As manufacturers, we feel responsibility for both the product and its impact. Our production routes for 2-Amino-3,5-dichloro-6-methylpyridine have shifted to reduce waste and avoid problematic reagents. Spent solvents get captured and sent for recovery, not discharge. We source reagents from audited suppliers that match our own standards for documentation and tested quality. Our teams have piloted small-volume recycling programs for packing and containers, in response to customer sustainability requests.
Most of our reduction efforts began as practical plant measures—energy audits, improved reactor insulation, and more robust filtration—but requests for green chemistry credentials have accelerated these programs. Our records tally more than emissions and waste certificates; we seek out direct feedback from clients on environmental issues observed during their own use. This cycle of learning and investment continues, influenced by real-world needs and experience, not just regulatory mandates.
Choosing a supplier often means weighing more than price.
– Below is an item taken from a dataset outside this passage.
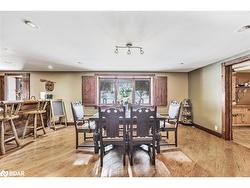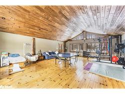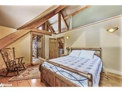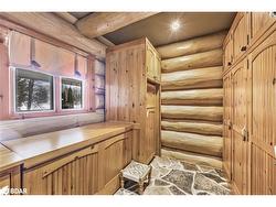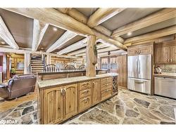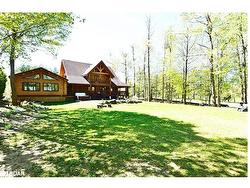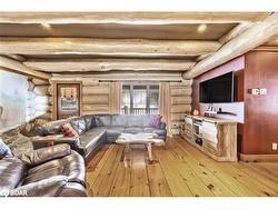 Welcome to 118 Highland Drive, Oro-Medonte. Discover the charm and craftsmanship of this stunning log home in the heart of Horseshoe Valley. Featured in the movie The Christmas Chronicles starring Kurt Russell, this home radiates warmth and comfort, complemented by award-winning landscaping and a breathtaking 3-tier pond a tranquil highlight of the property. Step inside to a spacious foyer with tile flooring which leads into a cozy yet expansive rec room with rich hardwood floors. This level also features a beautiful wet bar, a comfortable bedroom, and a 4-piece bathroom, ideal for entertaining or hosting guests.The open-concept main floor is designed for modern living. The kitchen dazzles with granite countertops, stainless steel appliances, and a breakfast bar, flowing effortlessly into the dining and living room. A walk-in pantry with a built-in freezer and second fridge provides exceptional storage, while a stylish powder room completes this level.The second floor offers two generously sized bedrooms, each with its own ensuite. The primary suite boasts a walkout to a private balcony overlooking the backyard and includes a convenient laundry area. A bright office space and soaring cathedral ceilings with wood beams enhance the airy ambiance of the home.The heated garage, complete with an entertainment room above, blends utility with style. Outdoor living is equally impressive, with multiple walkouts to covered porches, including a wrap-around porch and private balconiesperfect for soaking in the peaceful surroundings. You will love the cleanliness and efficiency of the water radiators and in-floor heating, ensuring consistent warmth and a clean, comfortable atmosphere throughout.Situated just one minute from Vetta Nordic Spa, five minutes from Horseshoe Valley Resort, and close to Craighurst amenities and major highways, this property offers a harmonious blend of natural beauty and unmatched convenience.

Consistency, clarity, and rapid reaction to field issues stand out as key differentiators customers mention to us again and again. Reliable performance comes from knowing every input, every check, and every hand in the chain, not just the final product as a string of numbers on a COA. Problems in the plant translate quickly into communication—and solutions—rather than delays or disputes.
We take seriously the need for unbiased, accurate data in every document. Our records document successes and failures alike to prevent recurrence of systemic issues and foster ongoing improvement. Safe processes and transparency underpin both our regulatory standing and our relationships, with regular audits and cross-checks against our commitments.
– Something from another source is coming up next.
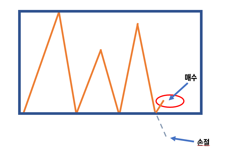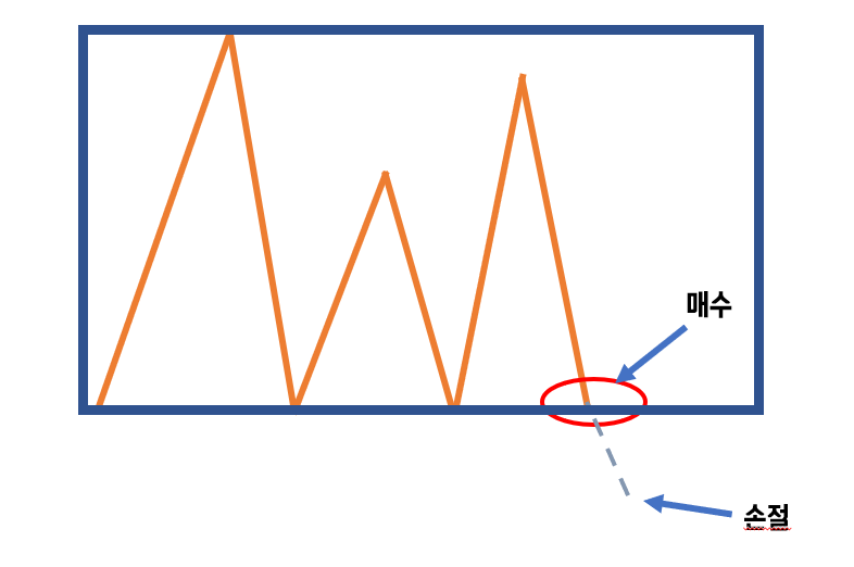 박스권의 하단에 도달할 경우 매수하는 방법입니다. 이전 지지 구간의 범위를 수평으로 연결하고 해당 구간에서 다시 반등할 것을 기대하고 매수를 하며 이탈시 손절로 대응합니다. 기본적인 이익 매도 구간은 이전에 많이 분포한 저항 구간을 매도 구간으로 정합니다.

Supply chains remain unpredictable, but investment in resilient processes and deep process knowledge let us offer stability where it counts. The future likely holds more scrutiny, tighter documentation, and continued development of safer, cleaner processes for manufacturing molecules like 2-Amino-3,5-dichloro-6-methylpyridine. Our approach builds on the strengths and lessons of each previous campaign and benefits from open dialogue with every partner and user who depends on a reliable chemical source.
The heart of our advantage rests in hands-on expertise, shared learning, and relentless focus on meeting evolving needs without shortcuts. As regulatory, safety, and sustainability expectations rise worldwide, we remain committed to pursuing every reasonable improvement and supporting open discussion of challenges and solutions across the industry. Experience tells us that credibility is earned step by step—no matter how advanced the molecule or ambitious the application.